• _Action item_
Using the records below, write out only the lines from the line containing "但更值得的細看的,卻是屋內展" up to and including the line containing "3.角色定制界面:可调整肤色", exactly, with no pictures.

• _Data to process_
......

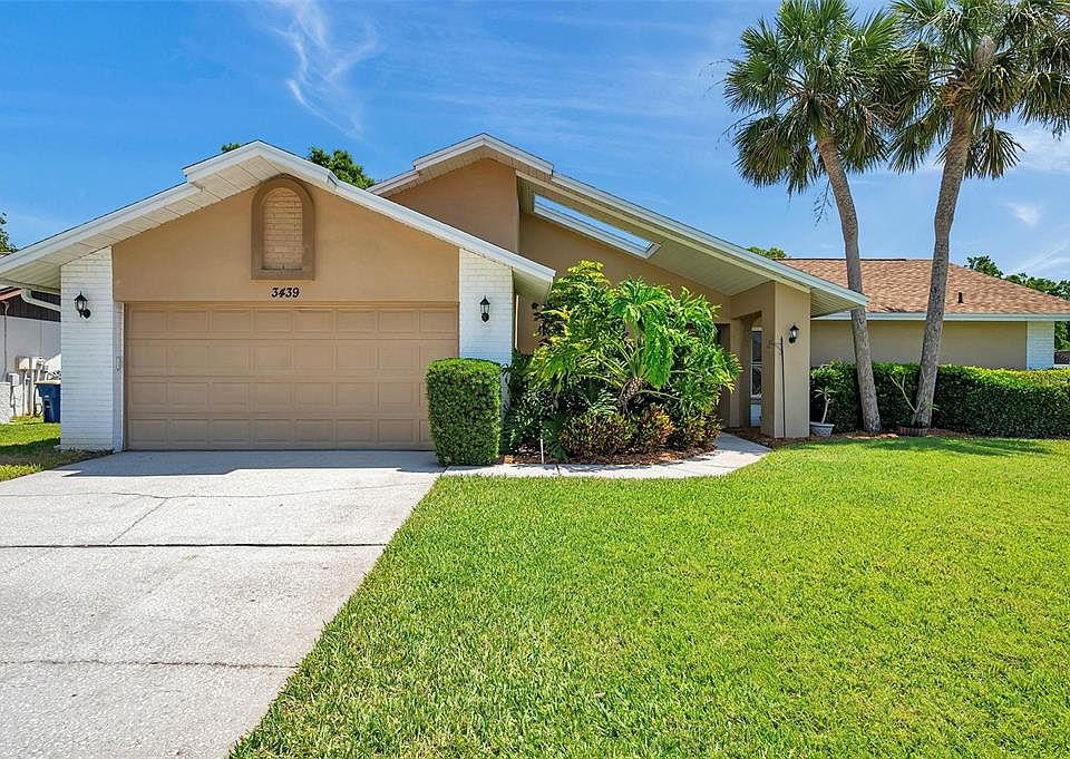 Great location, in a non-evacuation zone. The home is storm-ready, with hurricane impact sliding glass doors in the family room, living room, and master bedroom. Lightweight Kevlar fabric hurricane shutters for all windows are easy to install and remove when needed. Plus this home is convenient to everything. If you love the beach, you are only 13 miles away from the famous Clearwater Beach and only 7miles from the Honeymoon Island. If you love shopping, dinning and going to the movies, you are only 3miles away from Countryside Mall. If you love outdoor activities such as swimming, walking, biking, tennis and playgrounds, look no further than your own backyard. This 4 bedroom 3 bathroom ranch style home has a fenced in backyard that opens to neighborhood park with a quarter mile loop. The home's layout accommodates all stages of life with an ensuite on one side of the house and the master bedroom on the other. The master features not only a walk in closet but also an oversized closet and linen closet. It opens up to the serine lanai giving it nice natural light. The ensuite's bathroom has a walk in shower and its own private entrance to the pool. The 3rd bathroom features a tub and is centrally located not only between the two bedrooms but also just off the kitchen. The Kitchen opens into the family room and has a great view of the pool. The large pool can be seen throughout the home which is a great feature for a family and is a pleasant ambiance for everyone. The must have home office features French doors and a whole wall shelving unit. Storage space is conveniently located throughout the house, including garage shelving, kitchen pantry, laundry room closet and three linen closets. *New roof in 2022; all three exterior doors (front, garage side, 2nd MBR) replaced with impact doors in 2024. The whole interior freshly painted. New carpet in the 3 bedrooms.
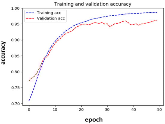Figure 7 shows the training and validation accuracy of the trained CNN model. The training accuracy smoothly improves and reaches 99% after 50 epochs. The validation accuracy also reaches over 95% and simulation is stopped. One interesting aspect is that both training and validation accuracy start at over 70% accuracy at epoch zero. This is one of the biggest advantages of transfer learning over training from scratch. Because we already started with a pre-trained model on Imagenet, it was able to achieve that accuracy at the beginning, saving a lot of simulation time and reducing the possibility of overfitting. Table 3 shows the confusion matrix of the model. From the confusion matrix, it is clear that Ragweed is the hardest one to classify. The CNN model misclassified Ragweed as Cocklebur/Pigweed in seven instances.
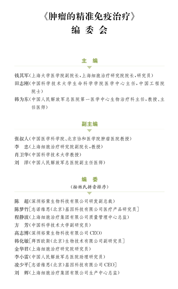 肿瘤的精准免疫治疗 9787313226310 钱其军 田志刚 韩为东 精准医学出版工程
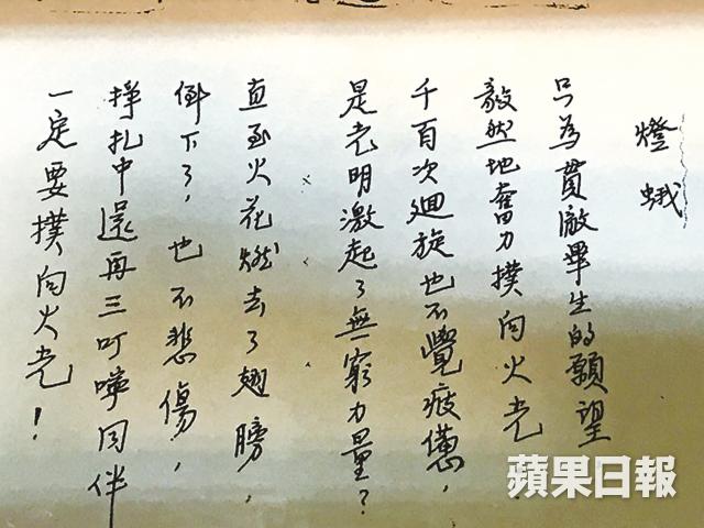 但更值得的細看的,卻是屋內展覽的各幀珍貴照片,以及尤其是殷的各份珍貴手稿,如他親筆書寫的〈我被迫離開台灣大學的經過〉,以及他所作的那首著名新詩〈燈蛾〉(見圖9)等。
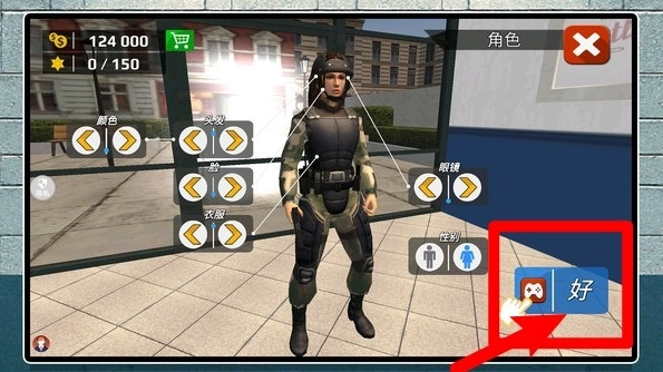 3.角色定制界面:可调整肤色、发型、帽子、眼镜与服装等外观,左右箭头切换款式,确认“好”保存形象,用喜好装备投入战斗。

......

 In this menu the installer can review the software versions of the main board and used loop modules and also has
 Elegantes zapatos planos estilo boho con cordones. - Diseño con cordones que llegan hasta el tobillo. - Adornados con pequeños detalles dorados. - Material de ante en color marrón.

......

• _Response area_
 但更值得的細看的,卻是屋內展覽的各幀珍貴照片,以及尤其是殷的各份珍貴手稿,如他親筆書寫的〈我被迫離開台灣大學的經過〉,以及他所作的那首著名新詩〈燈蛾〉(見圖9)等。
 3.角色定制界面:可调整肤色、发型、帽子、眼镜与服装等外观,左右箭头切换款式,确认“好”保存形象,用喜好装备投入战斗。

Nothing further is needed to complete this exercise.